This pair of sentences is demonstrably consistent in Hilbert’s sense. But on the interpretation of Frege suggested here, this consistency (in Hilbert’s sense) does not ensure that the thoughts expressed by these sentences under their ordinary interpretation form a consistent collection. If, for example, Frege understands the relation ‘between’ as susceptible to conceptual analysis in such a way that its definition underwrites the proof of a contradiction from (the thoughts expressed by) the pair of sentences, then that pair is, in Frege’s sense, inconsistent.
The idea that Frege takes provability to be sensitive to conceptual analysis in the way just suggested is taken, on this account, to be evident in the strategy Frege employs in his life-long attempt to demonstrate his logicist thesis, the thesis that the truths of arithmetic are provable from pure logic. In the course of that project, Frege regularly provides demonstrations that a given thought τ follows logically from a set T of thoughts, in a way that involves two steps. First, Frege subjects τ and/or the members of T to conceptual analysis, bringing out previously-unrecognized conceptual complexity in those thoughts. Secondly, he proves the thus-analyzed version of τ from the thus-analyzed members of T. For example, Frege takes himself to demonstrate that the thought expressed by
- (i)
- The sum of two multiples of a number is a multiple of that number
follows logically from the thoughts expressed by
- (ii)
- \(\forall m\; \forall n\; \forall p((m+n)+p = m+(n+p))\)
and by
- (iii)
- \(\forall n (n = n+0).\)
The demonstration proceeds by providing a careful analysis of the notion of “multiple of” in terms of addition, giving us in place of (i) a more-complex (i′) which is then proven from (ii) and (iii).[10] Similarly, a significant part of Frege’s logicist project consists of the careful analysis of such arithmetical notions as zero and successor, analysis which brings out previously-unnoticed complexity, and facilitates the proof of arithmetical truths. (For a discussion of the logicist project, see entries on Frege and logicism and neologicism.)

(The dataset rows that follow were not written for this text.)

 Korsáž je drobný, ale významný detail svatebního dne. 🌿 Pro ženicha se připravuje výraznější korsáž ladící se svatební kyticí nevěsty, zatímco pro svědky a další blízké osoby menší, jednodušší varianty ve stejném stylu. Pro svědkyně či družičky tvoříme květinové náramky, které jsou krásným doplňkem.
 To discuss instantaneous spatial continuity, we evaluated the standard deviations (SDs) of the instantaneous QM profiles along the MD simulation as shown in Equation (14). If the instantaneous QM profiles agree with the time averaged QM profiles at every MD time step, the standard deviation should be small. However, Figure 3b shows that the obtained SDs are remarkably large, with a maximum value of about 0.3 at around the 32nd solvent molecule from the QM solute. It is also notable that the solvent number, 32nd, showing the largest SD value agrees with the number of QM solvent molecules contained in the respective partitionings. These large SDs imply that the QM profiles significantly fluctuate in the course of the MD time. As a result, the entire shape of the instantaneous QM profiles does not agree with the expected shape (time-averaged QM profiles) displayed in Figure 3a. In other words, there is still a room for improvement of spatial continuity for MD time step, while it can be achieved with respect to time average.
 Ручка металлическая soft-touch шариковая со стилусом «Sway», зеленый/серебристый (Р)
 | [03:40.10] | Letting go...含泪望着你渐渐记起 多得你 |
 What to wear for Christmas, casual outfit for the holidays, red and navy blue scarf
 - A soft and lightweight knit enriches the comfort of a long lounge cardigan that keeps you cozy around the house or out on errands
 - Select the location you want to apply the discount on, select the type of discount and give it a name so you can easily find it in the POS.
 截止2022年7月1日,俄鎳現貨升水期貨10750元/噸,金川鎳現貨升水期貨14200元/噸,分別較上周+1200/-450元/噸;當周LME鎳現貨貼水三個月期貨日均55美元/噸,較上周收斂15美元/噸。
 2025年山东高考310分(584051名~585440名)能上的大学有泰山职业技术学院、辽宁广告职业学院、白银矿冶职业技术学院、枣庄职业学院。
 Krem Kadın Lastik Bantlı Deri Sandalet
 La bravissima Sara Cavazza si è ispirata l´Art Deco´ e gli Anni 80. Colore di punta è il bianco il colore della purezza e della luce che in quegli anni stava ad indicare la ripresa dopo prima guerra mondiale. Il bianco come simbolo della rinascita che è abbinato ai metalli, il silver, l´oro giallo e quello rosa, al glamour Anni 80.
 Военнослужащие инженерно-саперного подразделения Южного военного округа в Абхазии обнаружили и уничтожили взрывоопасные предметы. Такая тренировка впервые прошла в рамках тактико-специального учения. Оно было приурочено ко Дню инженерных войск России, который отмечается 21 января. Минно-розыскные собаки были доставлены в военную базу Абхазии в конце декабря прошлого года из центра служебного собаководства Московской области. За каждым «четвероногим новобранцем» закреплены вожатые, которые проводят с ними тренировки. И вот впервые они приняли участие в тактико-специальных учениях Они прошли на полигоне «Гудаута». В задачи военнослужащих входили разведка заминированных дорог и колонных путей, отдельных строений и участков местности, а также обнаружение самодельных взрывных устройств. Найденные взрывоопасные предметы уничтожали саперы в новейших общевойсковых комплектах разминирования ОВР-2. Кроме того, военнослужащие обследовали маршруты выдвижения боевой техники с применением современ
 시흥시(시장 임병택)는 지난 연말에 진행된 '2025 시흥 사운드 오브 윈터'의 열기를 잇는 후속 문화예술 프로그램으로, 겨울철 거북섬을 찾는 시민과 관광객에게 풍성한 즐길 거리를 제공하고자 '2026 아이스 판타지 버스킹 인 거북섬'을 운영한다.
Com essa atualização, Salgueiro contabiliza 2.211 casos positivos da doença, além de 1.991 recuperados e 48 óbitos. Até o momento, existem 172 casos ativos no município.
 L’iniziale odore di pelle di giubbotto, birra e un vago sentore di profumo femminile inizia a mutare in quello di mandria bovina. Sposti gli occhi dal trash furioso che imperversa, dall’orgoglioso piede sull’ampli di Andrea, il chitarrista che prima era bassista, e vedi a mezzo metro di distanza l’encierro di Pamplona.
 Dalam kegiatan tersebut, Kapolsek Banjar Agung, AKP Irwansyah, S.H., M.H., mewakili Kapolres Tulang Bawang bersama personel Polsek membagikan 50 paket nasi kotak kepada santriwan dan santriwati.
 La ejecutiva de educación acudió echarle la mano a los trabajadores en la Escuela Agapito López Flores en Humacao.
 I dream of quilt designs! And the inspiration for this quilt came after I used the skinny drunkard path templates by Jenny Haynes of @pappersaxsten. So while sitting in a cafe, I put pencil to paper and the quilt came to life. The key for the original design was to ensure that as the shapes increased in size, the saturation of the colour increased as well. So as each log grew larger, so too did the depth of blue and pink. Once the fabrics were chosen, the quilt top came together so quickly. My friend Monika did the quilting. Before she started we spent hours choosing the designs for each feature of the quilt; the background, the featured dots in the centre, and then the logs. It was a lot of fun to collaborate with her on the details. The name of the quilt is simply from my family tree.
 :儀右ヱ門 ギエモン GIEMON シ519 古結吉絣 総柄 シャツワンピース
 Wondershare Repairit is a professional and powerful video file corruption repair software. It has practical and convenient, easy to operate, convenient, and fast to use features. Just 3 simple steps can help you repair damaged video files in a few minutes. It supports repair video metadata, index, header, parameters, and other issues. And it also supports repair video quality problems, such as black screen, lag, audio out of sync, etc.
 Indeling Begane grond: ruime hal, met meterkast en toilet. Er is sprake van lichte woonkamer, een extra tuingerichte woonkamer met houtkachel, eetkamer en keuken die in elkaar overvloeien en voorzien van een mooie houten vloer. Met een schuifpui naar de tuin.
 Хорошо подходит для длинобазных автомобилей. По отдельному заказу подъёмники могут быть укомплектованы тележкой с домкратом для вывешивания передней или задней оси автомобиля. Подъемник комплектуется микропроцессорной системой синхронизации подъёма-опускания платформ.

As Frege puts it in the early pages of his Foundations of Arithmetic, when we are trying to prove the truths of arithmetic from the simplest possible starting-points,
… we very soon come to propositions which cannot be proved so long as we do not succeed in analysing concepts which occur in them into simpler concepts or in reducing them to something of greater generality. (Frege 1884: §4)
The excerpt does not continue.